Source material
--- START ---
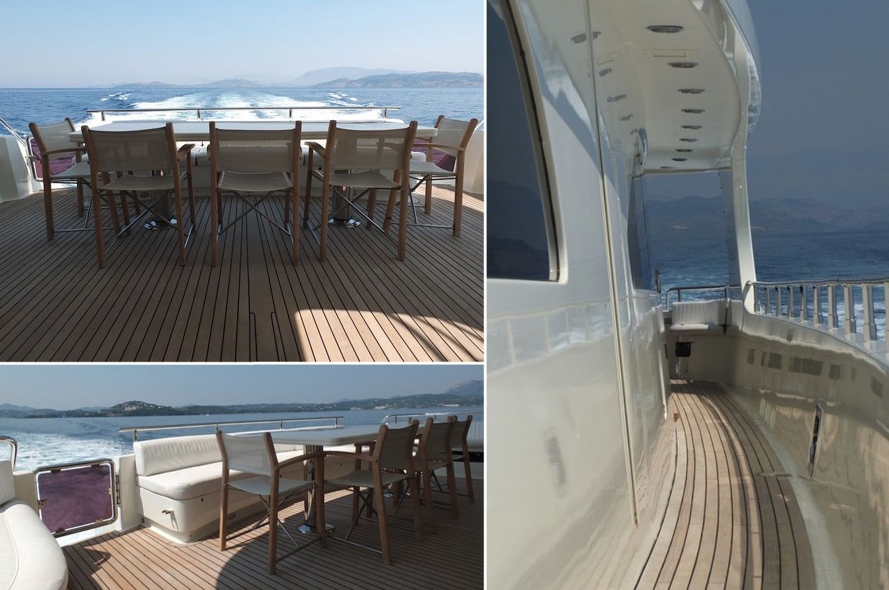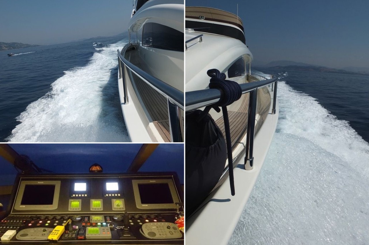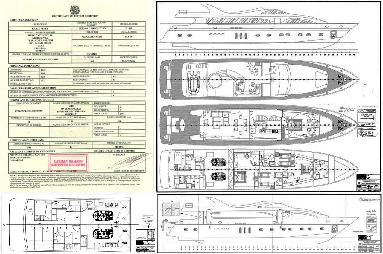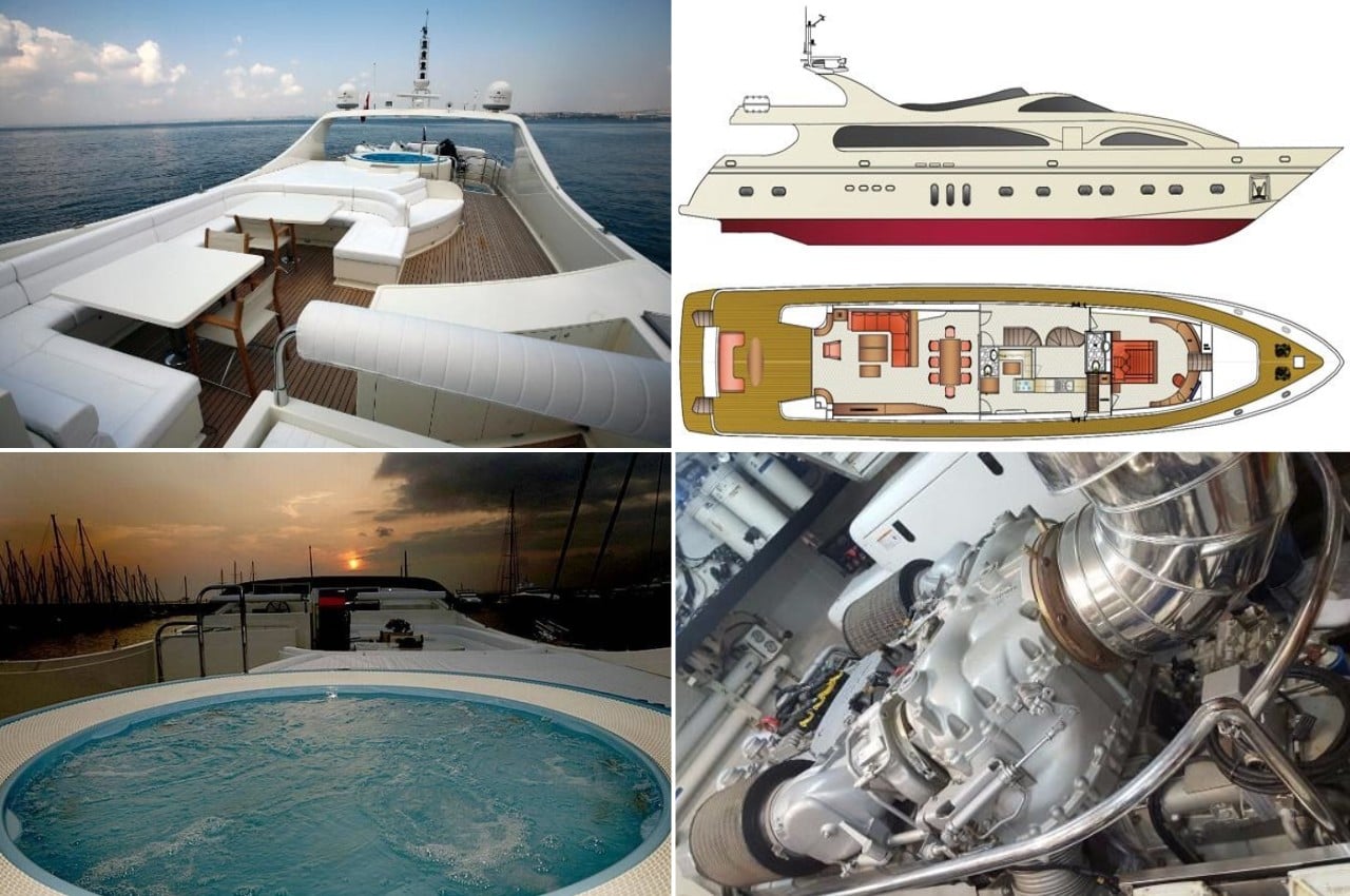 – Quel bonheur… Pendant les préparatifs, je vous ai apporté quelques documents que je vous laisse examiner… Longueur : 33,00 m/108,27 ft Largeur : 6.90 m/22,64 ft Moteurs : 2 x 1.800 CV (heures de fonctionnement 2.450) Ponts (étages) : 3 Suite de propriétaire : 1 (sur 2 ponts : pont principal & pont inférieur, lit double King-Size, avec salle de bains et salle de bains de luxe) Suites d’hôtes : 2 (à la fois sur le pont inférieur, au-dessus du niveau de l’eau, chacune avec sa propre salle de bains et lit double king size) Cabines d’hôtes : 2 (les deux avec 2 lits simples) Cabines équipage : 1 cabine de capitaine, 2 cabines équipage (2 membres dans chaque cabine ) Capacité passagers : 12 personnes + 5 membres d’équipage Vitesse. Max / croisière : 22 nœuds/14 nœuds Société de classification : RINA Le navire a eu une remarquable révision classe de cale annuelle sur rive. Le navire sera livré entièrement en classe par les propriétaires actuels, dans les 30 jours après paiement. RINA no : 83787 Drapeau : Cayman Islands Port d’immatriculation : George Town No de registre : 012IN2009 Date de construction (fin) : juin 2010 (quille posée : juin 2006) Le navire est équipé de tous les équipements habituels pour les yachts haut de gamme et est mis en vente, avec tous les inventaires, accessoires, équipements, mobilier, appareils, appareils de cuisine & engrenage, literies, Chine, verrerie, glacières, réfrigérateurs, bateau auxiliaire, bâche de pont supérieur, terrasse arrière avec coupe vent, équipement marine & navigation, audio & systèmes tv, climatisation et toutes les machines à bord & équipement technique : Electronique : Radar, Radio, sondeur, GPS, lecteurs DVD, téléviseurs plasma, lecteurs de CD, peintures, ordinateur, boussole, Repeater, centre de navigation, haut-parleurs cockpit , journal de compteur de vitesse, pilote automatique, traceur, VHF, vitesse et direction vent, détecteur de radar, voiles, bimini-top Equipement intérieur, réfrigérateur, pompe de cale électrique, climatisation, congélateur, chauffage, four à micro-ondes, air compresseur, pompe de cale manuelle, tête électrique, four, dessalinisateur, pompe pour eau de mer, chargeur de batterie, eau chaude, machine à laver, propulseur d’étrave, générateur, alimentation de rive, onduleur, Equipement extérieur : réflecteur radar, coussins de cockpit, radeaux de sauvetage, table de cockpit, pont en teck, bateau auxiliaire, douche de cockpit, passerelle hydraulique, cockpit teck, échelle de baignade, bâches, taud de cockpit, jacuzzi extérieur, transat pont supérieur, table de pont supérieur & canapés, barreau du haut-pont, table de pont arrière & canapés, terrasse lounge sur pont avant et de nombreux éléments & équipements
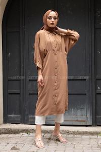 lamelif Piliseli Uzun Gömlek Acı Kahve
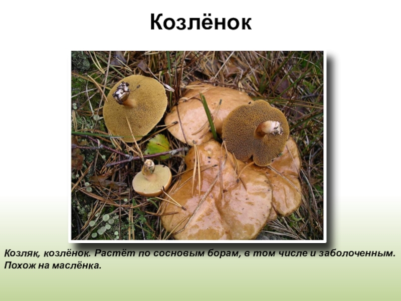 Козляк, козлёнок. Растёт по сосновым борам, в том числе и заболоченным.
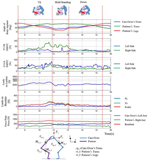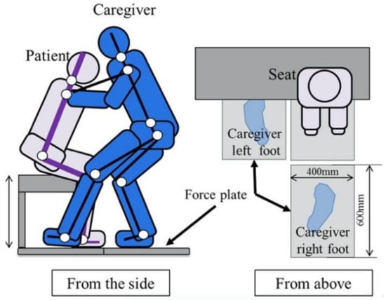 - Yamazaki, N.; Yamamoto, S.; Inoue, T. Measurement of transferring motions and evaluation of caregiver’s lower-back load. Biomechanisms 2002, 16, 195–205. [Google Scholar] [CrossRef][Green Version]
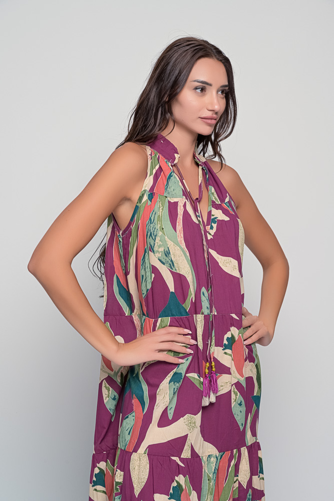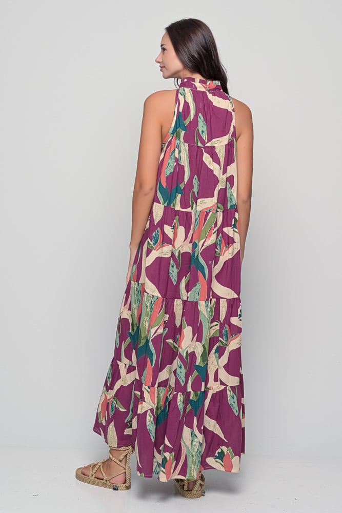 Soft cotton halter dress in Alpinia Purple print. Flowy silhouette and one-size fit for relaxed elegance and everyday comfort.
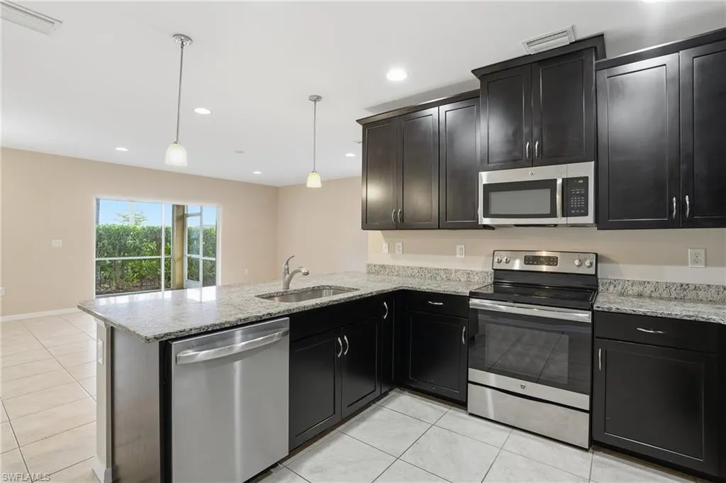 Bonus for buyers! Seller is offering a 2/1 rate buydown with acceptable offer to help ease into your new home with lower monthly payments. See the flyer in home for details. This spacious corner-unit townhome offers 3 bedrooms, 2.5 baths, a large bonus loft, and a 2-car garage with over 2,000 sq ft of modern living space. The bright, open main level features tile floors, granite countertops, premium cabinetry, stainless steel appliances, and abundant storage, including a pantry and under-stair nook. Upstairs, the airy loft makes the perfect home office or media space. The primary suite includes a walk-in closet and ensuite with dual sinks and a walk-in shower, while two additional bedrooms share a full bath. Enjoy peaceful mornings on your screened lanai overlooking lush landscaping. Hammock Cove offers a community pool, low HOA fees covering high-speed internet, cable, and lawn care. Gateway residents enjoy optional golf or social memberships with access to tennis, pickleball, fitness center, resort-style pool, and clubhouse dining. Ideally located near I-75, RSW Airport, shopping, dining, and spring training stadiums, this home delivers the ultimate SWFL lifestyle!
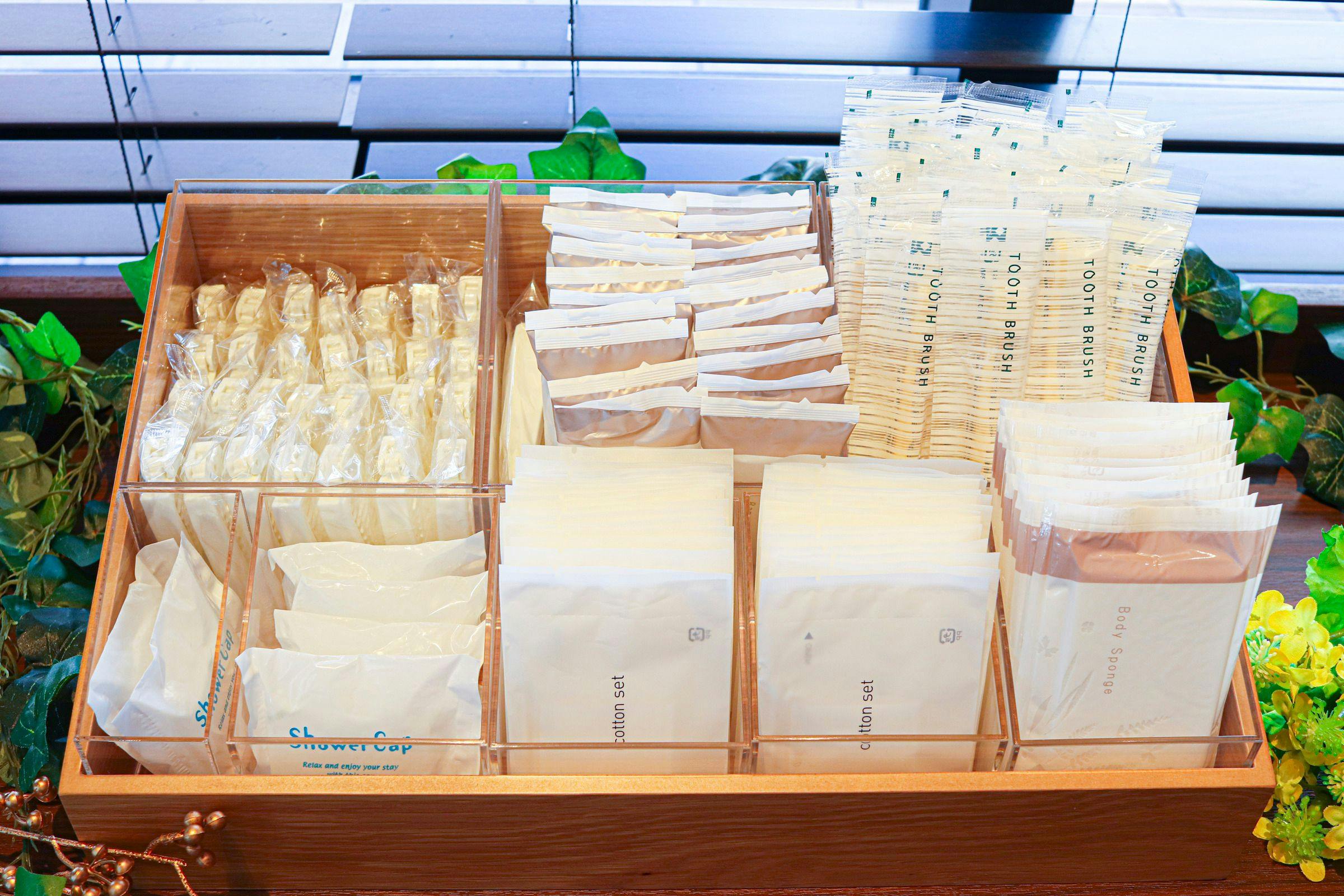 日和ホテルとして、POLAアロマエッセゴールドシリーズのバスアメニティや基礎化粧品、ヘアドライヤーとヘアアイロン、フットマッサージャーや靴乾燥機などお部屋の備品・アメニティ類を今までより充実させました。
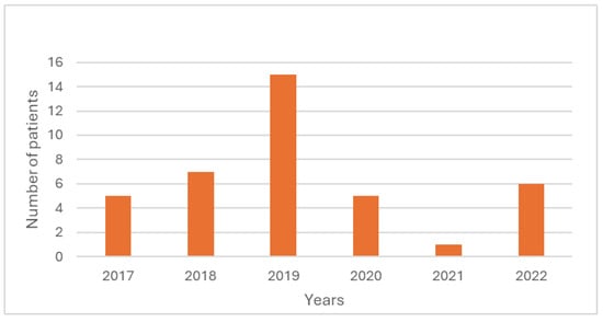 Total number of patients diagnosed with Leishmania braziliensis between the years 2017–2022.
--- END ---
Your assignment
If an entry contains an image, please omit that image and print everything else verbatim.

Result
 – Quel bonheur… Pendant les préparatifs, je vous ai apporté quelques documents que je vous laisse examiner… Longueur : 33,00 m/108,27 ft Largeur : 6.90 m/22,64 ft Moteurs : 2 x 1.800 CV (heures de fonctionnement 2.450) Ponts (étages) : 3 Suite de propriétaire : 1 (sur 2 ponts : pont principal & pont inférieur, lit double King-Size, avec salle de bains et salle de bains de luxe) Suites d’hôtes : 2 (à la fois sur le pont inférieur, au-dessus du niveau de l’eau, chacune avec sa propre salle de bains et lit double king size) Cabines d’hôtes : 2 (les deux avec 2 lits simples) Cabines équipage : 1 cabine de capitaine, 2 cabines équipage (2 membres dans chaque cabine ) Capacité passagers : 12 personnes + 5 membres d’équipage Vitesse. Max / croisière : 22 nœuds/14 nœuds Société de classification : RINA Le navire a eu une remarquable révision classe de cale annuelle sur rive. Le navire sera livré entièrement en classe par les propriétaires actuels, dans les 30 jours après paiement. RINA no : 83787 Drapeau : Cayman Islands Port d’immatriculation : George Town No de registre : 012IN2009 Date de construction (fin) : juin 2010 (quille posée : juin 2006) Le navire est équipé de tous les équipements habituels pour les yachts haut de gamme et est mis en vente, avec tous les inventaires, accessoires, équipements, mobilier, appareils, appareils de cuisine & engrenage, literies, Chine, verrerie, glacières, réfrigérateurs, bateau auxiliaire, bâche de pont supérieur, terrasse arrière avec coupe vent, équipement marine & navigation, audio & systèmes tv, climatisation et toutes les machines à bord & équipement technique : Electronique : Radar, Radio, sondeur, GPS, lecteurs DVD, téléviseurs plasma, lecteurs de CD, peintures, ordinateur, boussole, Repeater, centre de navigation, haut-parleurs cockpit , journal de compteur de vitesse, pilote automatique, traceur, VHF, vitesse et direction vent, détecteur de radar, voiles, bimini-top Equipement intérieur, réfrigérateur, pompe de cale électrique, climatisation, congélateur, chauffage, four à micro-ondes, air compresseur, pompe de cale manuelle, tête électrique, four, dessalinisateur, pompe pour eau de mer, chargeur de batterie, eau chaude, machine à laver, propulseur d’étrave, générateur, alimentation de rive, onduleur, Equipement extérieur : réflecteur radar, coussins de cockpit, radeaux de sauvetage, table de cockpit, pont en teck, bateau auxiliaire, douche de cockpit, passerelle hydraulique, cockpit teck, échelle de baignade, bâches, taud de cockpit, jacuzzi extérieur, transat pont supérieur, table de pont supérieur & canapés, barreau du haut-pont, table de pont arrière & canapés, terrasse lounge sur pont avant et de nombreux éléments & équipements
 lamelif Piliseli Uzun Gömlek Acı Kahve
 Козляк, козлёнок. Растёт по сосновым борам, в том числе и заболоченным.
 - Yamazaki, N.; Yamamoto, S.; Inoue, T. Measurement of transferring motions and evaluation of caregiver’s lower-back load. Biomechanisms 2002, 16, 195–205. [Google Scholar] [CrossRef][Green Version]
 Soft cotton halter dress in Alpinia Purple print. Flowy silhouette and one-size fit for relaxed elegance and everyday comfort.
 Bonus for buyers! Seller is offering a 2/1 rate buydown with acceptable offer to help ease into your new home with lower monthly payments. See the flyer in home for details. This spacious corner-unit townhome offers 3 bedrooms, 2.5 baths, a large bonus loft, and a 2-car garage with over 2,000 sq ft of modern living space. The bright, open main level features tile floors, granite countertops, premium cabinetry, stainless steel appliances, and abundant storage, including a pantry and under-stair nook. Upstairs, the airy loft makes the perfect home office or media space. The primary suite includes a walk-in closet and ensuite with dual sinks and a walk-in shower, while two additional bedrooms share a full bath. Enjoy peaceful mornings on your screened lanai overlooking lush landscaping. Hammock Cove offers a community pool, low HOA fees covering high-speed internet, cable, and lawn care. Gateway residents enjoy optional golf or social memberships with access to tennis, pickleball, fitness center, resort-style pool, and clubhouse dining. Ideally located near I-75, RSW Airport, shopping, dining, and spring training stadiums, this home delivers the ultimate SWFL lifestyle!
 日和ホテルとして、POLAアロマエッセゴールドシリーズのバスアメニティや基礎化粧品、ヘアドライヤーとヘアアイロン、フットマッサージャーや靴乾燥機などお部屋の備品・アメニティ類を今までより充実させました。
 Total number of patients diagnosed with Leishmania braziliensis between the years 2017–2022.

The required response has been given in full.